Beta Distribution to F Distribution If $X$ is $Beta\left(\dfrac{ \alpha_1}{ 2 }, \dfrac{\alpha_2}{2}\right)$ then $\dfrac{\alpha_2 X}{\alpha_1(1-X)}$ is $F(\alpha_1, \alpha_2)$? 
Any help is appreciated I don't know where to start. I'm assuming I need the pdf's of each distribution?
 A: Yes, I use the pdf.
$f(x)=\frac{\Gamma(\frac{m}{2}+\frac{n}{2})}{\Gamma(\frac{m}{2})\Gamma(\frac{n}{2})}x^{\frac{m}{2}-1}(1-x)^{\frac{n}{2}-1}$
and the pdf of function $g(x)$ is $l(y)=f(h(y))|h'(y)|$, where $h$ is the inverse of $g$. 

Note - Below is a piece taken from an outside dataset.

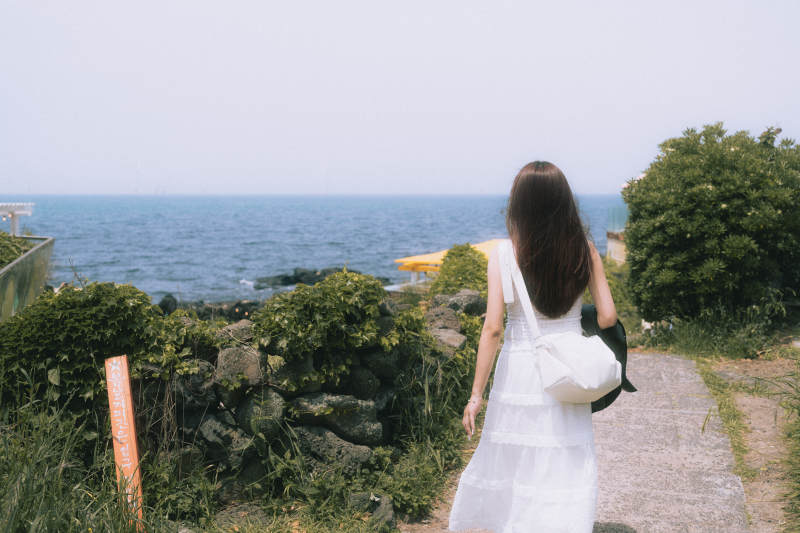 海边漫步的白衣女子

We get $h(y)=\frac{my}{my+n}$ and $|h'(y)|=\frac{mn}{(my+n)^2}$, then after patient insertion and simplification we get the result of 
$m^{m/2}n^{n/2}\frac{\Gamma(\frac{m}{2}+\frac{n}{2})}{\Gamma(\frac{m}{2})\Gamma(\frac{n}{2})}y^{m/2-1}(my+n)^{-(m+n)/2}$ , which is indeed $F(m,n)$.
A: I'm not 100% sure this way is valid, but I'm gonna give it a try using the CDF's:
$Y =\dfrac{\alpha_2 X}{\alpha_1(1-X)}$
CDF of $Y = F_{Y}(y) = \mathbb {P}(Y < y) = \mathbb {P}(\dfrac{\alpha_2 X}{\alpha_1(1-X)} < y) = \mathbb {P}(X <\dfrac{\alpha_1 y}{\alpha_1 y + \alpha_2}) $
The last stage has some limitation, mainly that $ X \neq 1 $, which depends on how you define the support of the Beta distribution. Assuming it does not include 1, we're ok. Note that $\alpha_1 y + \alpha_2 > 0$, so we can divide by it without changing signs. Continuing:
$ = F_{X}(\dfrac{\alpha_1 y}{\alpha_1 y + \alpha_2}) = $ (according to the CDF definition of a Beta distribution)
$ = I_{\dfrac{\alpha_1 y}{\alpha_1 y + \alpha_2}}(\dfrac{\alpha_1}{2}, \dfrac{\alpha_2}{2})  $
But this is exactly the definition of the CDF for the F distribution.